大橘小说 > 青春校园 > 新婚有孕_排骨辣酱 > 第32页
    车子穿过几条老胡同,在一座四合院门口停下来。门面不大,挂着块不起眼的木匾,里面是谈叙川一个朋友开的私厨。


    绕过影壁,院子里头别有洞天,回廊连着几间雅座,院角种着棵老槐树,枝头挂着几盏灯笼。


    他们进了最里面的一间包厢,窗纸上映着外头的竹影,桌上摆着已经温好的花雕。


    菜吃到一半,禾漱刚夹起一块鲜嫩的鱼肉,胃里忽然一阵翻涌。她放下筷子抿了口茶,但那阵恶心的感觉没能压下去。


    蓦地,她想到了什么,心跳快了半拍,端着杯子的手停在半空,脑子里飞快过了一遍日期,这个月的月经确实还没来。


    谈叙川见她神色不对,问了一句:“这鱼不好吃?”


    禾漱摇了摇头,扯了个笑:“没有,可能刚才喝了口凉的,胃不太舒服。我去趟洗手间。”


    她说完放下杯子,起身出了包厢。


    谈叙川放下筷子,抬手示意了一下旁边的侍者。


    侍者走近,他淡声道:“一会儿上一碗热汤,清淡点的。”


    侍者应了声好,退出去了。


    禾漱靠在洗手台边,拿出手机搜了几个关键词——嗜睡、腰酸、反胃、月经推迟。屏幕上出现几行字,一条一条对上去,心跳越来越快。她握着手机站了好一会儿,才点开通话记录,拨出禾沥的号码。
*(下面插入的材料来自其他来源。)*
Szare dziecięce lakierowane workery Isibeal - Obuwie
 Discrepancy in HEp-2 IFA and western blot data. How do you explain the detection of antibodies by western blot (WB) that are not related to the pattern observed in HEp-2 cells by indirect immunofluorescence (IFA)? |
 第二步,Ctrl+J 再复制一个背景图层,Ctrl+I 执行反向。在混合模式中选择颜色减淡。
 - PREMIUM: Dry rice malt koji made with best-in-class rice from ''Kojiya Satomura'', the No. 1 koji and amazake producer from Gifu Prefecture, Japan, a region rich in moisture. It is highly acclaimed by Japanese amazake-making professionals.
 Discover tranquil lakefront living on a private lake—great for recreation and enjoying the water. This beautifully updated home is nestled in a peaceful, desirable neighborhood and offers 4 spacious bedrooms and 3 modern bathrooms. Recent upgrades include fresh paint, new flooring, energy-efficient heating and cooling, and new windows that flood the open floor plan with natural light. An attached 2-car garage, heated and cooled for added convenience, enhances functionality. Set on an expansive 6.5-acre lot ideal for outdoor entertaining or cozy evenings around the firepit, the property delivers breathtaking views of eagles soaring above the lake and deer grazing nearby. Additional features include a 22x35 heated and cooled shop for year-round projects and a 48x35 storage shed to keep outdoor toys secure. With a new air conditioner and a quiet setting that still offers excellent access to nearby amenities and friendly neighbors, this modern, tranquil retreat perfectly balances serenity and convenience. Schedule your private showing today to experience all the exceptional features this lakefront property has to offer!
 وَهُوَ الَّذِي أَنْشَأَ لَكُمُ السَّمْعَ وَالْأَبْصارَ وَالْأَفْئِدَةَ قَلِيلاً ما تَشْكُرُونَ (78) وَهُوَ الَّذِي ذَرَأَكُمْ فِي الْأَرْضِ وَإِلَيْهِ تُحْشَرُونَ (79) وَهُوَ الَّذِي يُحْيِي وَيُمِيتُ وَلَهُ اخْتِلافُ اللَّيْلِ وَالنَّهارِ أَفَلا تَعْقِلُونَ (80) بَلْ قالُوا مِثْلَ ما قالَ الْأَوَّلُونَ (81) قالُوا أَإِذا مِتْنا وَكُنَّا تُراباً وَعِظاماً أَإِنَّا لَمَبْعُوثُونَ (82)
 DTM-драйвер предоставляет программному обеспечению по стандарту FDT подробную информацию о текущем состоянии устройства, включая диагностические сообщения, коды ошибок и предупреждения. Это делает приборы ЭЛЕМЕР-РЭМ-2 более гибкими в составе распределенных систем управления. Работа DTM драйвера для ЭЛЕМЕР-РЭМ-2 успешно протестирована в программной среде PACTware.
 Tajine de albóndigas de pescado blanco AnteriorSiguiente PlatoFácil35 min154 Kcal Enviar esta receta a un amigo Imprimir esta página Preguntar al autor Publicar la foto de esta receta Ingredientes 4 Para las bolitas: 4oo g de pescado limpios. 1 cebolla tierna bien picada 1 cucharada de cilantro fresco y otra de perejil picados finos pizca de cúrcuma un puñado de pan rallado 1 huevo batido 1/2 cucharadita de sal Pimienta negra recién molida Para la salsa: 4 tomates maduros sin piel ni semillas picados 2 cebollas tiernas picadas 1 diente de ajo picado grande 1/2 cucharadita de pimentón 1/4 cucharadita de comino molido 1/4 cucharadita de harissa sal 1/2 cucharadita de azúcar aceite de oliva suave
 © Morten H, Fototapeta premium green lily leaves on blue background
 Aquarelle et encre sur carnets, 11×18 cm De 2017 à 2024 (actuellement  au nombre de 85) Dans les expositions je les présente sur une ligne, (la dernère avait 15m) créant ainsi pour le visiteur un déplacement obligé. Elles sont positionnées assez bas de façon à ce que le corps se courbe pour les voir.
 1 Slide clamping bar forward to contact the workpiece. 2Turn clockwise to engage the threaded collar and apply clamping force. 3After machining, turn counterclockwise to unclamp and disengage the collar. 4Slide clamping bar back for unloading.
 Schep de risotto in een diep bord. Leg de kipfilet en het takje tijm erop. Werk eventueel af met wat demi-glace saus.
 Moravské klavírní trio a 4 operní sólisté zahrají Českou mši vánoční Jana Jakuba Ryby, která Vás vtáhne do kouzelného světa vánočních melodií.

    响了几声接通了,她没等他开口便低声说了一句:“哥我好像……怀孕了。”


    话音落下,听筒那头长久的死寂。


    “哥,我怀孕了。”禾漱又重复了一遍。


    过了好一会儿,禾沥才应了一声,嗓音哑得像十天没喝过水:“嗯,我听到了。”


    禾漱低头看着自己的鞋尖,“哥,明天我们见面吧,我想见见你。”


    回到包厢时,桌上多了一碗热气腾腾的汤。她坐下舀了一勺送进嘴里,没什么油腥,喝下去胃里也舒服了些。


    她又喝了两口,抬起头就对上谈叙川的视线,笑了一下:“怎么了?”


    谈叙川迟疑道:“是怀了么?”


    “应该不是,”禾漱面色自然,“我快要来月经了,这两天肚子一直胀胀的,胃口不好,腰也酸,每次来之前都这样。”


    谈叙川听了,没再多问。


    院子的竹枝被风吹动,在纸窗上晃了晃。


    这次禾漱没有去那家咖啡馆等禾沥,而是选了一家商场里的餐厅,订了最里面的卡座。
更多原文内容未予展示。